History of the Soviet Union. Geoffrey Hosking
Adapted from Martin Gilbert, Russian History Atlas (1972)
Viewed from the West, the peoples of the Soviet Union tend to seem grey, anonymous and rather supine. When we see them on our television screens, marching in serried ranks past the mausoleum on Red Square, it is difficult to imagine them as more than appendages–or potential cannon fodder–for the stolid leaders whom they salute on the reviewing stand. This is, of course, partly the image the Soviet propaganda machine wishes to project. But is it not also partly the result of our way of studying the country? So many general works on the Soviet Union concentrate either on its leaders, or on its role in international affairs, as seen from the West.

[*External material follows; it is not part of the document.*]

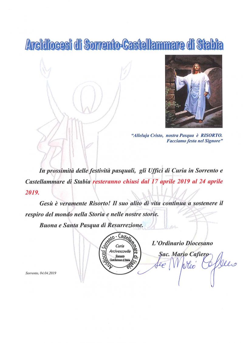 In prossimità delle festività pasquali, gli Uffici di Curia in Sorrento e Castellammare di Stabia resteranno chiusi dal 17 aprile al 24 aprile 2019.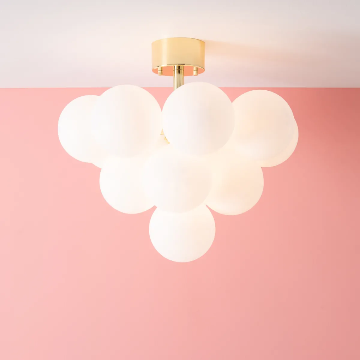 Merlot er en nydelig og dekorativ taklampe med opalhvite glasskupler. De opalhvite glasskuplene sørger for et jevnt og behagelig lys.

There is plenty on the Soviet leaders in this book, too. No one could ignore them in so centralized and politicized a society. But I have also tried to penetrate a little more into their interaction with the various social strata, the religious and national groups, over which they rule. Fortunately, in the last ten to fifteen years, quite a large number of good monographs have been published in the West and (to a lesser extent, because of censorship) in the Soviet Union itself, which enable us to say more about the way of life of the working class, the peasantry, the professional strata, and even the ruling elite itself. In addition, many recent émigrés have, since leaving, given us candid accounts of their lives in their homeland, and these have afforded us a much more vivid insight into the way ordinary people think, act and react.
In order to focus on this material and give, as far as possible in brief compass, a rounded picture of Soviet society, I have deliberately said little or nothing about foreign policy or international affairs. There are already many excellent studies from which the reader can learn about the Soviet Union’s role in world affairs: to add to them is not the purpose of this book. I have, however, given some consideration to the Soviet Union’s relationship with the other socialist countries lying within its sphere of influence. As I argue in Chapter 11, developments in those countries have a claim to be considered almost as Soviet internal affairs; besides, East European efforts to discover their own distinctive ‘roads to socialism’ have brought out elements in the socialist tradition which have been obscured or overlaid in the Soviet Union itself. These elements may yet be of great importance, and therefore it is essential to give them due weight.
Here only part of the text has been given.